A new survey from the Kaiser Family Foundation looks at Medicaid and the Children's Health Insurance Program as states push to implement Medicaid work requirements.

On the same day that a federal judge blocked Medicaid work requirements in Kentucky and Arkansas, the Kaiser Family Foundation (KFF) released its 17th annual survey on Medicaid and the Children's Health Insurance Program, including a look at the potential effects of work requirements on patient eligibility for federal health programs.

KFF found that the ACA has led to robust enrollment in Medicaid through the expansion statute of the landmark law, filling previous coverage gaps for eligible populations. To that end, all states have worked to streamline the enrollment process, even those that did not expand Medicaid under the ACA. 

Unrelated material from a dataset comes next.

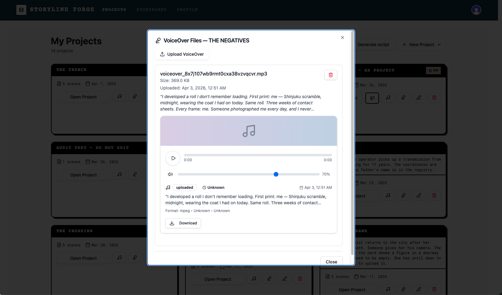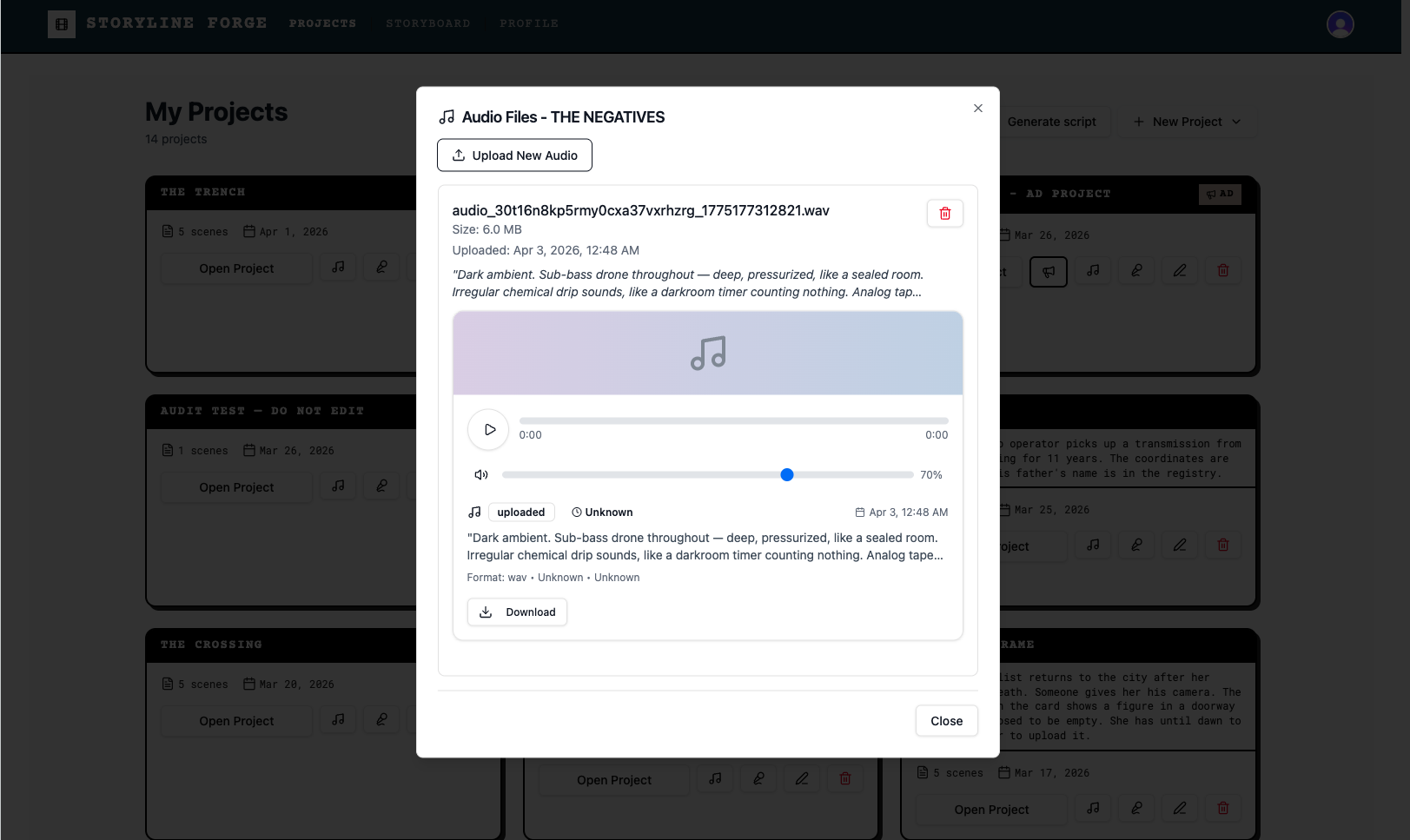 Storyline Forge lets you add background music and a voiceover narration to any project. Both are generated by AI from a text description you provide Both are attached to your project from the Projects page, and are not accessed from inside the storyboard workspace.

However, KFF stated that emerging policies, namely the rise of Medicaid work requirements, could "erode coverage gains and enrollment simplifications" that resulted from the ACA. 

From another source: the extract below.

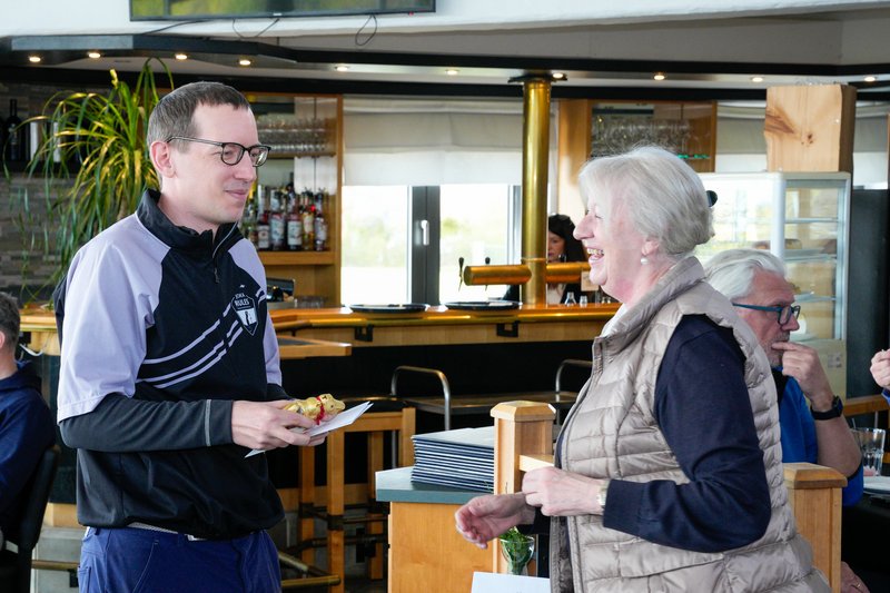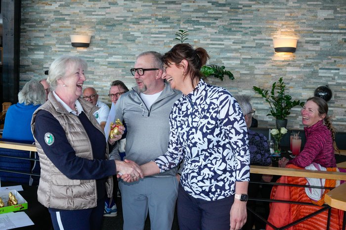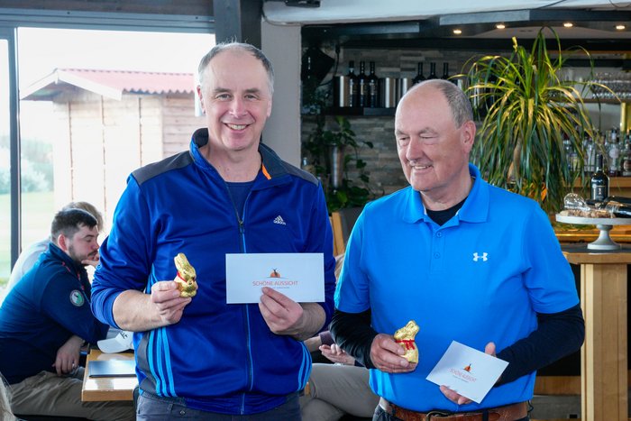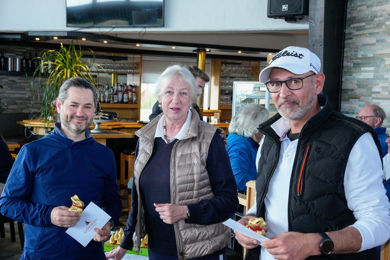 Nach gut vier Stunden fanden sich alle Golferinnen und Golfer im windgeschützten Clubhaus Restaurant Schöne Aussicht wieder ein, wo bei guter Stimmung die Siegerehrung stattfand.

"These types of requirements create barriers to coverage and increase administrative burdens and costs for states," the report stated. "As such, they will likely dampen potential coverage gains and lead to coverage losses."

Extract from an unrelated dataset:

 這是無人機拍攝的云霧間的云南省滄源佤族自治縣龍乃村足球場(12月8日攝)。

Related: 3 Dos and Don'ts for Hospitals in States With Medicaid Work Requirements

KFF noted that Medicaid work requirements have not previously been approved and carry a significant cost to enact, specifically regarding documentation and administrative efforts.

The survey further stated that work requirements could contribute to increased barriers to coverage for eligible populations, introduce complexities to the enrollment process, or coverage losses.

Since Arkansas implementated Medicaid work requirements six months ago, 18,000 people have lost their Medicaid coverage.

The Commonwealth Fund released its own analysis earlier this month finding that work requirements could cost hospitals between $2.5 billion to $3.7 billion this year in states that have implemented the policies or are aiming to do so.

Related: Medicaid Work Requirements Could Cost Hospitals $3.7B

Medicaid work requirements, which require waiver approvals from CMS, have been achieved in eight states so far, with at least nine other waiver requests still pending.

This number is likely to change in the coming months, KFF noted, as leadership changes in the midterm elections have influenced whether a state is considering moving ahead with the waiver approval process or withdrawing from consideration.

Despite the growing popularity of Medicaid work requirements in some states, they have been the subject of fierce legal opposition by those who argue the waivers ignore Medicaid's primary mission to provide medical assistance.

CMS Administrator Seema Verma has been an ardent defender of Medicaid work requirements, telling the 2018 Medicaid Managed Care Summit in September that "there is dignity and pride that is derived from work" and that financial independence can be achieved through these policies.

Related: New Hampshire's Medicaid Work Requirements Latest to Face Lawsuit

KFF also stated that other factors could lead to continued Medicaid enrollment declines, including process-related issues, decreased outreach and enrollment efforts from the Trump administration, and federal immigration policy changes.

Jack O'Brien is the finance editor at HealthLeaders, a Simplify Compliance brand.


The Kaiser Family Foundation survey states that Medicaid work requirements "create barriers to coverage and increase administrative burdens and costs for states."

The complexities introduced by the policies, which have never been enacted before, could "dampen potential coverage gains."

The survey was released the same day a federal judge struck down Medicaid work requirements in Kentucky and Arkansas.